Испуганный слабым стоном, Августин открыл глаза. В луче света,
подвешенный на невидимой нити, с облупленного тросникового потолка
спускался паук. Он опускался все ниже и ниже, туда, где, свернувшись как
кот, лежал Августин. Малыш потянулся к пауку, сдавил его слабыми пальцами
и съел. Вздохнув, он подтянул колени поближе к груди, дрожа от
предрассветного холода, который сочился сквозь щели грязных стен.
Августин уже не мог припомнить, сколько дней или недель прошло с тех
пор, как мать принесла его в эту ветхую заброшенную хижину, где летучие
мыши свисали с потолка, словно незажженные лампочки, а тараканы роились
днем и ночью. Он знал только, что он голоден, и что слизняки, пауки и
кузнечики никогда не смогут утолить грызущие боли в его вздутом животе.
Августин услышал слабый стон, который исходил из затемненного угла в
дальнем конце комнаты. Он увидел призрак своей матери. Она сидела на
матрасе, ее рот был слегка приоткрыт.
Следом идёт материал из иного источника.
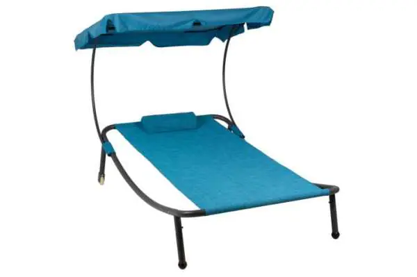 Single garden deckchair with Divero roof The deckchair will be useful during a holiday by the water, on the plot or in your garden. Durable frame and stability will provide you with high comfort of lying. To perfectly match the sun lounger to your needs and the position of the sun, it has been equipped with 2 wheels, which allows you to carry it with one hand. Technical specifications: dimensions: 202 x 139 x 152 cm, dimensions of the lying area: 200 x 100 cm, height from the floor: 47 cm, Pillow dimensions: 48 x 23 cm, Roof size: 115 x 148 cm, Lying surface material: Textilene 670 g, Roof material: polyester 220 g, Color: blue, Frame: steel pipe grey 45 cm, Load capacity: 100 kg.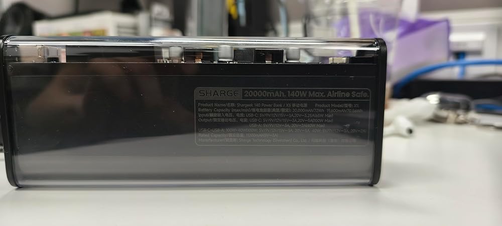 High-quality battery: The portable charger's transparent case is not gimmicky. We are proud to show the good stuff we pack inside. Powered by 4 advanced Samsung batteries, Shargeek 140 improves longevity, ensures safety, and enhances charging efficiency. Apart from that, the battery used in the Shargeek 140 has a low internal resistance, which greatly reduces heat buildup during charging and discharging.

Она томно растирала свой голый
живот, оседлав матрас, словно осла. Ее голая тень скользила вверх и вниз
по закопченной стене.
Часом раньше он видел свою мать в тот момент, когда она дралась с
мужчиной. Он видел как ее голые ноги, словно две черные змеи, тесно
оплетая торс мужчины, вздымались при его дыхании. И когда он услышал
пронзительный крик и эту гнетущую тишину, остановившую ночь, он знал, что
мужчина выиграл битву. Он убил ее.
Усталые глаза Августина закрылись в блаженстве при мысли, что он стал
сиротой. Он был в безопасности. Его возьмут в приют. Под шелест призрачных
вздохов, хихиканья и шепота матери он задремал еще раз.
Громкий стон расколол утреннюю тишину. Августин открыл глаза и
закусил кулак, останавливая вопль. Перед ним на матрасе сидел мужчина, тот
самый, из ночного кошмара.
Августин не знал его, но был уверен, что он из Ипаири. Он смутно
помнил, что видел его, когда мать разговаривала с ним на площади. Неужели
женщина из маленькой деревушки на холмах велела привезти его обратно?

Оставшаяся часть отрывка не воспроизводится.